Appeal from the Circuit Court for Campbell County
No. 14418 John D. McAfee, Judge
No. E2012-02744-COA-R3-CV-FILED-MAY 2, 2013
The final judgment from which the appellant seeks to appeal was entered on December 3,
2012. The only Notice of Appeal “filed” by the appellant on December 28, 2012, was
submitted to the trial court clerk via facsimile transmission in violation of Rule 5A.02(4)(e)
of the Rules of Civil Procedure. Because the Notice of Appeal was insufficient to invoke the
jurisdiction of this Court, this appeal is dismissed.
Tenn.
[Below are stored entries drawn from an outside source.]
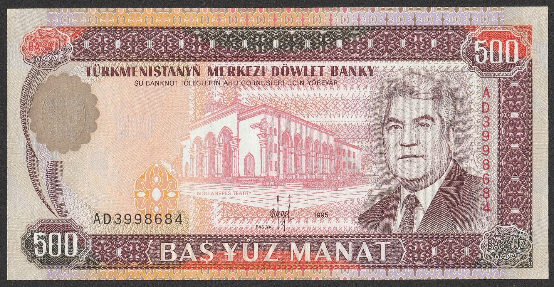 Turkmenistan 500 manat 1995 - AD - stan bankowy UNC
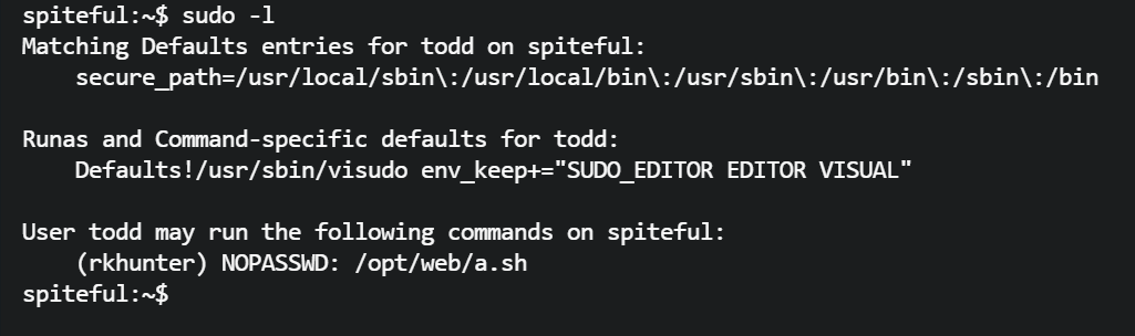 todd 可以以 rkhunter 身份执行一个脚本 /opt/web/a.sh,开了一个内置服务器在 8080 端口
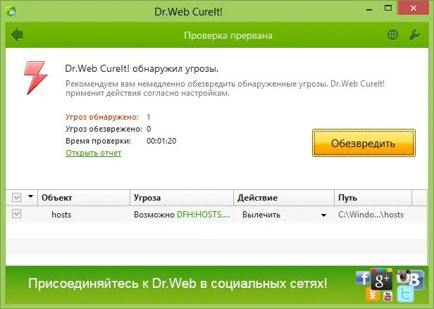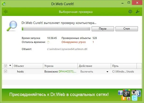 Обратите внимание, что при использовании Dr.Web CureIt! не требуется отключение установленного антивируса и другие дополнительные настройки.

R. App. P. 3 Appeal as of Right; Appeal Dismissed
T HOMAS R. F RIERSON, II, J., C HARLES D. S USANO, J R., P.J., AND D. M ICHAEL S WINEY, J.
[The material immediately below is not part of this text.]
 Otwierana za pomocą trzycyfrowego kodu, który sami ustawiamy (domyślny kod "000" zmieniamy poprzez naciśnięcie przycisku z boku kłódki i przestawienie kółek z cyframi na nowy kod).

Arthur F. Knight, III, Knoxville, Tennessee, for the appellant, John McLaughlin.
J. Stephen Hurst, LaFollette, Tennessee, for the appellees, Gary A. Bruewer and Lori
Bruewer.
Gary S. Dawson, Knoxville, Tennessee, for the appellees, John L. Tweedall and Leigh
Tweedall.
MEMORANDUM OPINION 1
By order entered on April 12, 2013, this Court directed the appellant to show cause
why this appeal should not be dismissed because the Notice of Appeal filed by facsimile
transmission was insufficient to invoke this Court’s jurisdiction. Rule 5A.02(4)(e) of the
Rules of Civil Procedure explicitly states that “[t]he following documents shall not be filed
in the trial court by facsimile transmission: . . . [a] notice of appeal.”
In response to this Court’s show cause order, counsel for the appellant does not
dispute that the only notice of appeal in this case was the one submitted to the trial court
clerk by facsimile transmission on December 28, 2012. Instead, counsel asks this Court to
“find cause” for allowing this appeal to go forward despite the error in the submission of the
Notice of Appeal. Counsel asserts that the appellees have filed no motion to dismiss based
upon the defect in the filing of the Notice of Appeal and “no party has suffered any prejudice
by the facsimile filing.” However, given the express language of Rule 5A.02(4)(e), we
cannot conclude that a Notice of Appeal was ever actually “filed” with the trial court clerk.
As such, our jurisdiction to consider this appeal was never timely invoked pursuant to Rule
4(a) of the Rules of Appellate Procedure. See Davis v. Jackson Tenn. Hosp. Co., LLC, No.
W2009-02537-COA-R3-CV, 2010 WL 2812625, at * 3-4 (Tenn. Ct. App., July 16, 2010).
Accordingly, this appeal is dismissed. Costs on appeal are taxed to the appellant, John
McLaughlin, for which execution may issue if necessary.
PER CURIAM
1
Rule 10 of the Rules of the Court of Appeals provides as follows:
This Court, with the concurrence of all judges participating in the case, may
affirm, reverse or modify the actions of the trial court by memorandum
opinion when a formal opinion would have no precedential value. When
a case is decided by memorandum opinion it shall be designated
“MEMORANDUM OPINION,” shall not be published, and shall not be
cited or relied on for any reason in any unrelated case.